TASK ITEM: Set the listing down exactly; no pictures.

PROVIDED MATERIAL:

****************

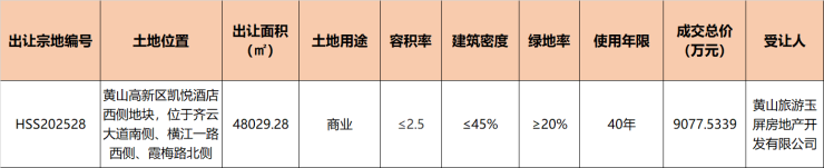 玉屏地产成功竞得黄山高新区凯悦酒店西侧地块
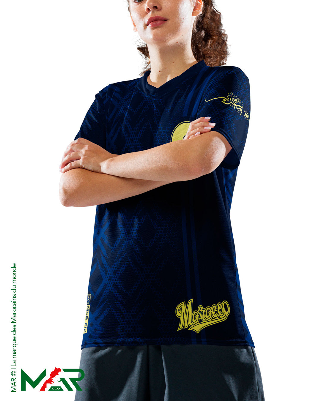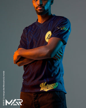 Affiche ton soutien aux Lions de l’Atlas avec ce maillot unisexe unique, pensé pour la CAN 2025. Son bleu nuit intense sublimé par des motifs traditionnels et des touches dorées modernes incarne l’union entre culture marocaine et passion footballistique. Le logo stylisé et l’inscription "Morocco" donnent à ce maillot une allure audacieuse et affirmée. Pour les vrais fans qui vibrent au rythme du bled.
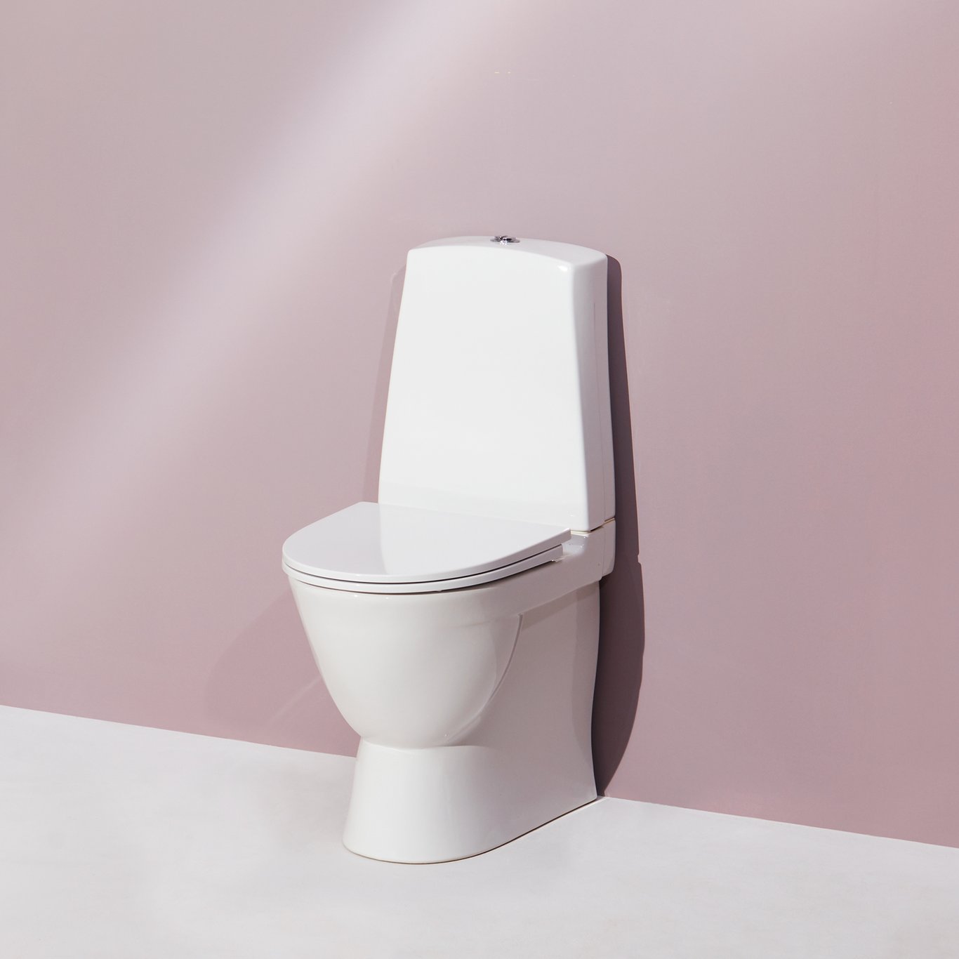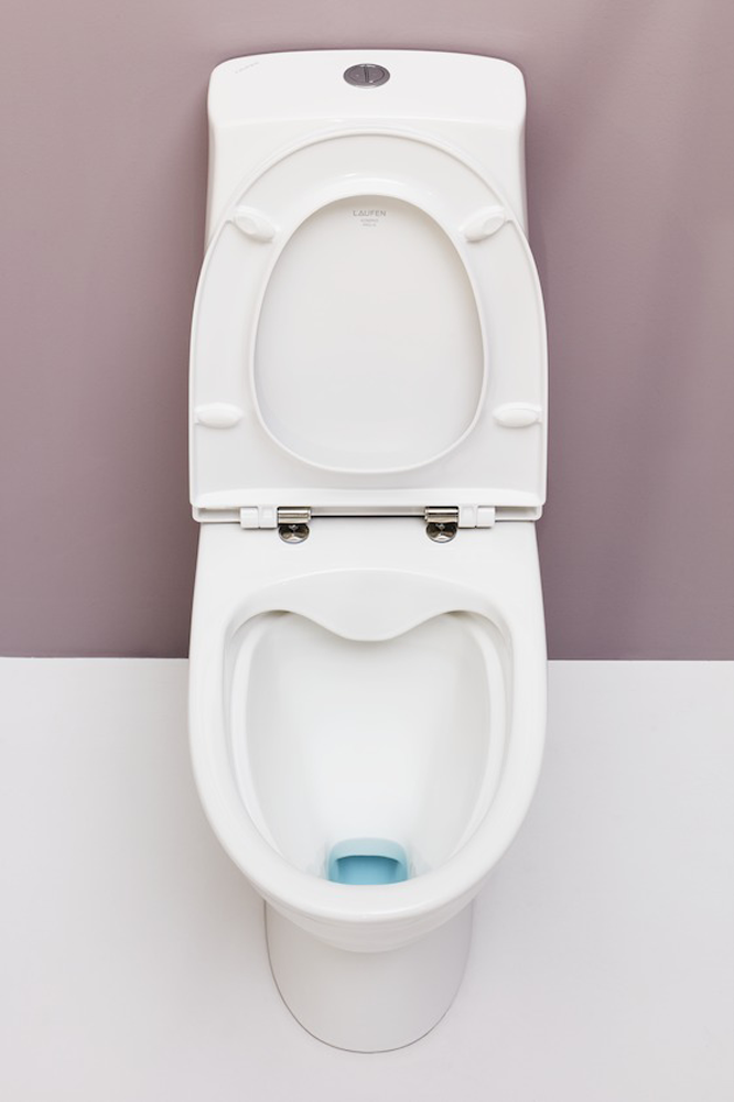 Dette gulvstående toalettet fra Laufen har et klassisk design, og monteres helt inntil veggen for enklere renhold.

****************

ANSWER TO THE EXERCISE:
 玉屏地产成功竞得黄山高新区凯悦酒店西侧地块
 Affiche ton soutien aux Lions de l’Atlas avec ce maillot unisexe unique, pensé pour la CAN 2025. Son bleu nuit intense sublimé par des motifs traditionnels et des touches dorées modernes incarne l’union entre culture marocaine et passion footballistique. Le logo stylisé et l’inscription "Morocco" donnent à ce maillot une allure audacieuse et affirmée. Pour les vrais fans qui vibrent au rythme du bled.
 Dette gulvstående toalettet fra Laufen har et klassisk design, og monteres helt inntil veggen for enklere renhold.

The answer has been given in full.